É, portanto, uma tremenda coincidência o fato de a peça estar sendo encenada no momento em que Paulo Freire virou persona non grata do atual governo de Jair Bolsonaro, consequentemente sendo lembrado por professores e estudantes que sempre o apoiaram como patrono da educação brasileira. Este é apenas um dos fatos que me aguçou a curiosidade.

Outro ponto interessante é que Richard Riguetti, que encena sozinho a peça, é um palhaço, fundador do grupo Off Sina de circo teatro e que tem trinta anos dedicados ao teatro de rua. Por que um artista com esta trajetória, se interessa pelo educador?

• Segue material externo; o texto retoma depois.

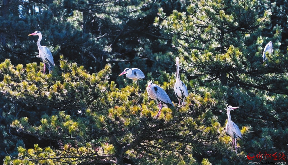 蒼鷺筑巢頗為講究,專挑高大樹木頂端,細(xì)樹枝橫豎交錯搭成盆狀。鎮(zhèn)海寺及周邊有530株樹齡在150—1000年的油松,入選“全國100個最美古樹群”,是蒼鷺理想的棲息地。一年又一年,不斷有雛鳥在“咯咯”的啼叫聲中平安長大,蒼鷺家族由最初的幾只壯大到了現(xiàn)在的上百只。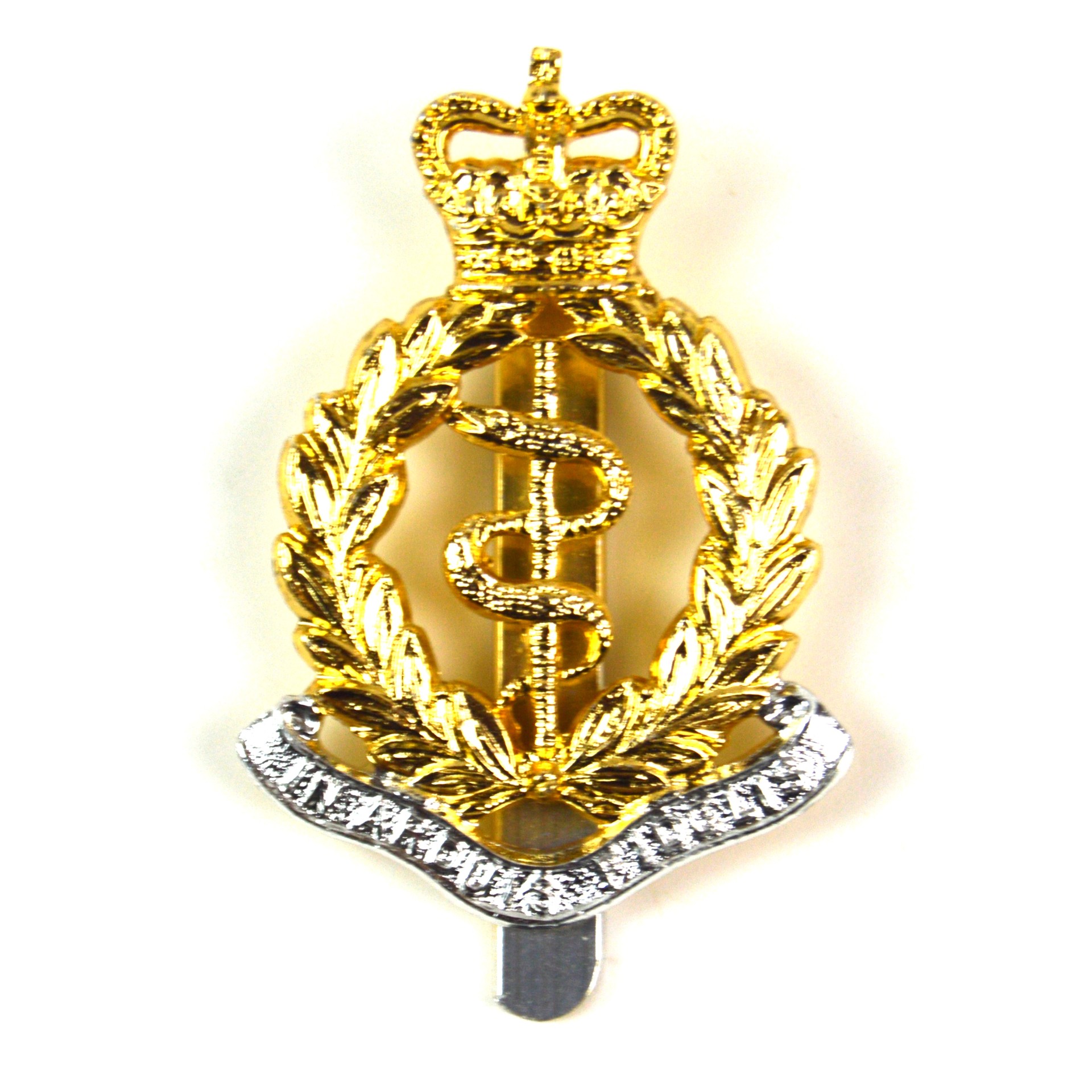 The design consists of the traditional Rod of Asclepius—the symbol of medicine—encircled by a laurel wreath and surmounted by the St Edward’s (Queen’s) Crown, signifying service under Queen Elizabeth II. The scroll below reads “In Arduis Fidelis” (Faithful in Adversity) . The anodised finish retains its bright silver and gold anodised aluminium.

“São várias respostas para esta pergunta. A minha é que o palhaço é a menor distância entre duas pessoas e que a nossa grande arte, grande poética, é reconstituir o tecido emocional da população”, conta-me Richard.

Como sabem os que me acompanham aqui neste espaço, gosto da ideia de compartilhar com os leitores as descobertas que faço. Perceber um artista tão antenado com o espaço público é uma chance de trazer reflexões que dialogam, diretamente, com o que entendo por desenvolvimento local. Abaixo, a íntegra de nossa conversa:

Por que Paulo Freire?

Richard Riguetti – Este projeto começou há oito anos, numa conversa com Luiz Antonio Rocha, que faz a encenação da peça (a dramaturgia é de Junio Santos). Mas naquela época não tivemos agenda para tocá-lo para frente. No ano passado, já com uma configuração diferente (separei-me da companheira com quem eu tinha o projeto Off Sina), pude vislumbrar a possibilidade de ter um projeto individual. E achei que o Paulo Freire seria o momento adequado para eu poder comemorar meus 40 anos de profissão. Naquele momento o país começou a passar por um processo de modificação e o Paulo Freire parece que tem muito para lidar com uma situação como esta em que estamos vivendo, para a melhoria da qualidade de vida da população.

O que pode parecer hoje, que se trata de uma peça oportuna, para lembrar ao público a importância de um homem que tem sido menosprezado pelo atual governo, então, é apenas uma coincidência?

Richard Riguetti - Sim, foi uma coincidência, mas acho que o meu tipo de trabalho está ligado a estas questões políticas da atualidade.

A peça já foi encenada em outros estados? Na rua?

Richard Riguetti - Nós fizemos esta peça para ser encenada em todos os lugares: no palco do Theatro Municipal ou em cima de um caixote na rua. Nossa estreia foi em Vitória, dentro de um teatro na antiga Casa Legislativa. Um professor nos disse que estávamos fazendo uma limpeza naquele espaço, onde o povo nunca tinha entrado.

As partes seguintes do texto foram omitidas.